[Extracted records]

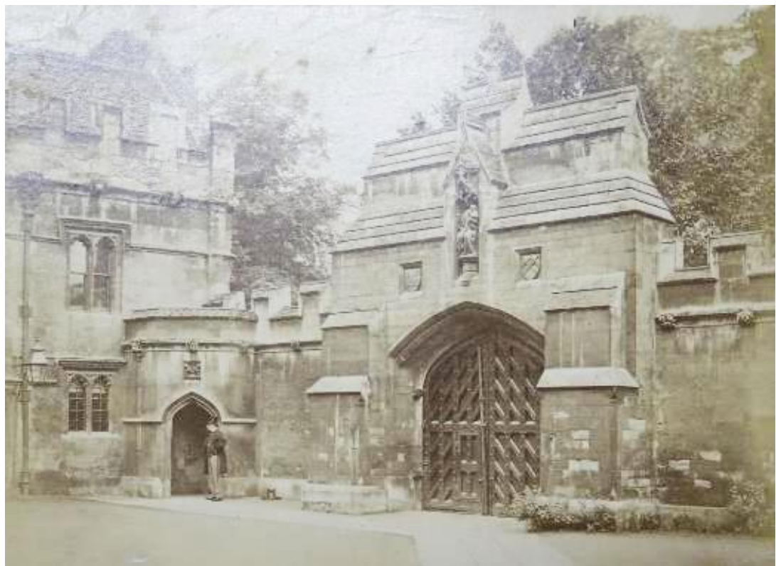
St John's Quad elevation of the Pugin gate, with adjoining porters' 'small room' (and porter) MC:FAI/9/4P/2
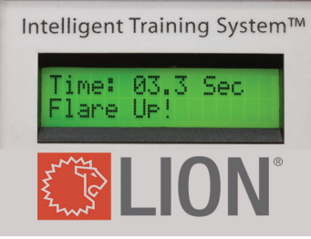
FIGURE 23: FLARE UP!

extinguished. The screen will display Flare Up! as well.
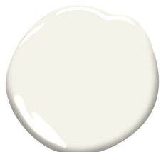
Off white BM Simply White OC-117
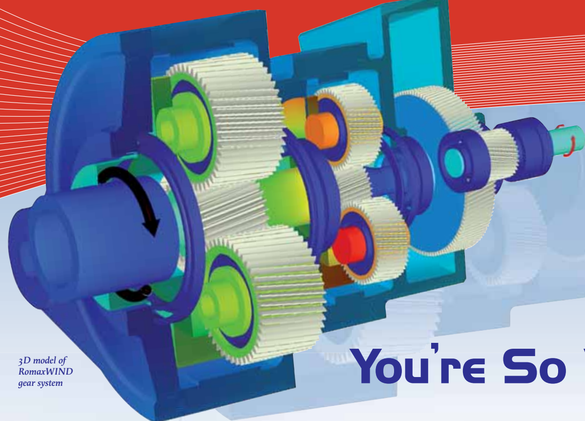
3D model of RomaxWIND gear system
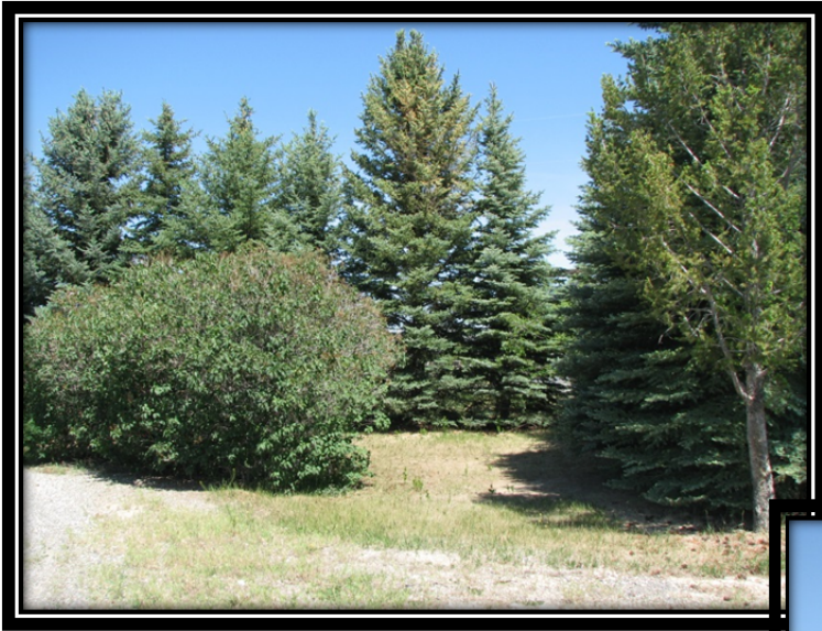
Trees on Property
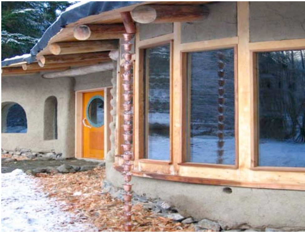
Climate Change Demonstration Building (Healing Sanctuary)

Phase VII (July 2007 - present) begins with the creation of a new ownership entity (developed with the assistance of the FOG project). In July 2007, we established O.U.R. Ecovillage Cooperative, incorporated with five membership classes. The co-operative was created for the purpose of providing a legal model for the collective ownership of the land and to provide a governance structure that will bring together all the earlier established organizations at O.U.R. and all interested parties. The cooperative has begun to implement this plan through the creation of a business plan in order to secure financing for the purchase and further development of the property.
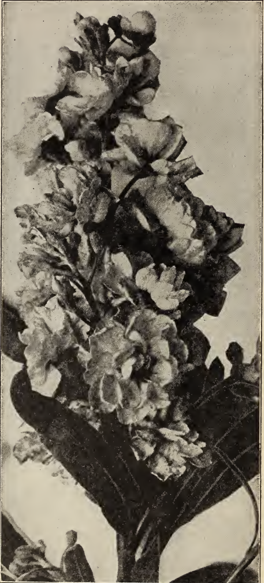
Nice Giant Stocks
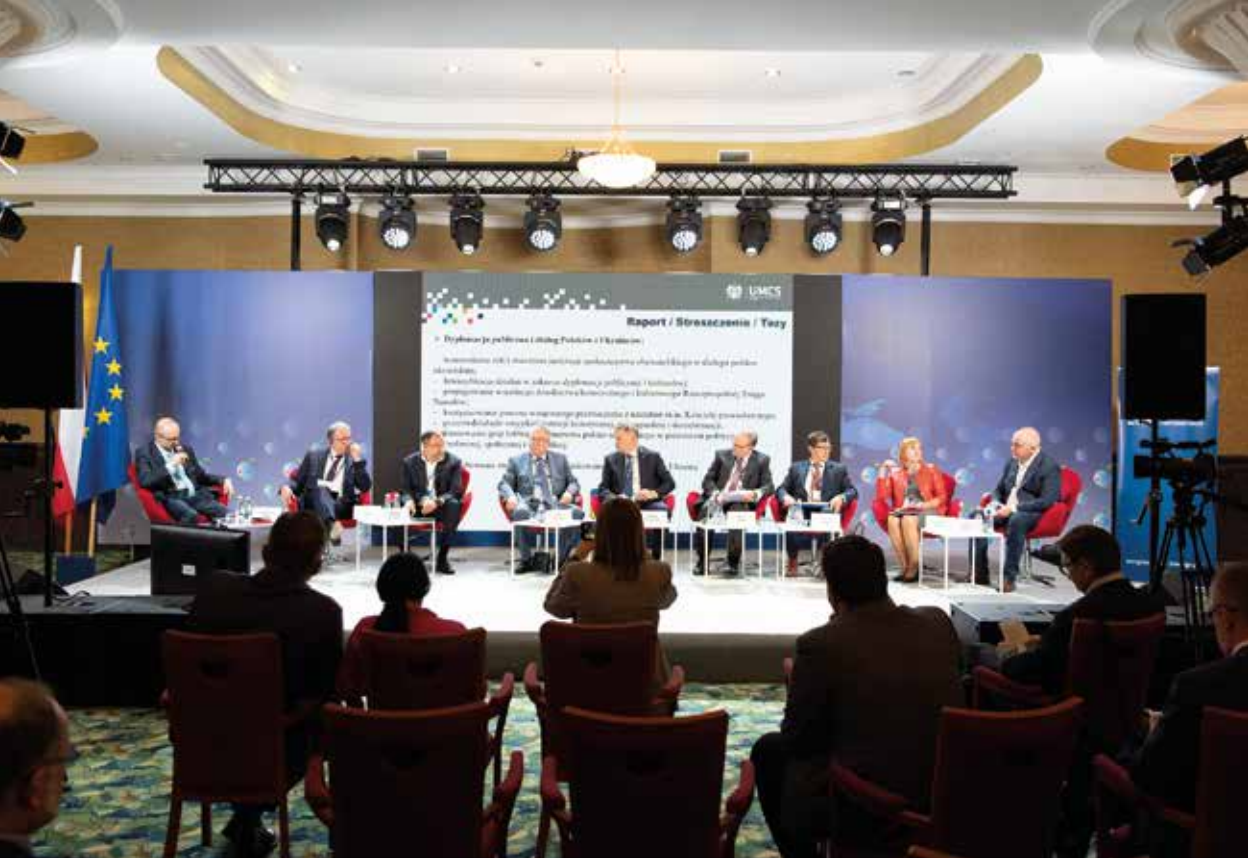
Participants of the panel The state and perspectives of partnership between Poland and Ukraine , Karpacz, 9 September 2021

Such areas in Polish-Ukrainian relations could include the following sectors: fuel and energy, the arms industry, infrastructure and transport, and IT. So it is in these areas that what we call the materialisation of a strategic partnership between Poland and Ukraine could be made.

Exercise aim:
Give every record again word for word, pictures excluded.

Task solution:
St John's Quad elevation of the Pugin gate, with adjoining porters' 'small room' (and porter) MC:FAI/9/4P/2
FIGURE 23: FLARE UP!

extinguished. The screen will display Flare Up! as well.
Off white BM Simply White OC-117
3D model of RomaxWIND gear system
Trees on Property
Climate Change Demonstration Building (Healing Sanctuary)

Phase VII (July 2007 - present) begins with the creation of a new ownership entity (developed with the assistance of the FOG project). In July 2007, we established O.U.R. Ecovillage Cooperative, incorporated with five membership classes. The co-operative was created for the purpose of providing a legal model for the collective ownership of the land and to provide a governance structure that will bring together all the earlier established organizations at O.U.R. and all interested parties. The cooperative has begun to implement this plan through the creation of a business plan in order to secure financing for the purchase and further development of the property.
Nice Giant Stocks
Participants of the panel The state and perspectives of partnership between Poland and Ukraine , Karpacz, 9 September 2021

Such areas in Polish-Ukrainian relations could include the following sectors: fuel and energy, the arms industry, infrastructure and transport, and IT. So it is in these areas that what we call the materialisation of a strategic partnership between Poland and Ukraine could be made.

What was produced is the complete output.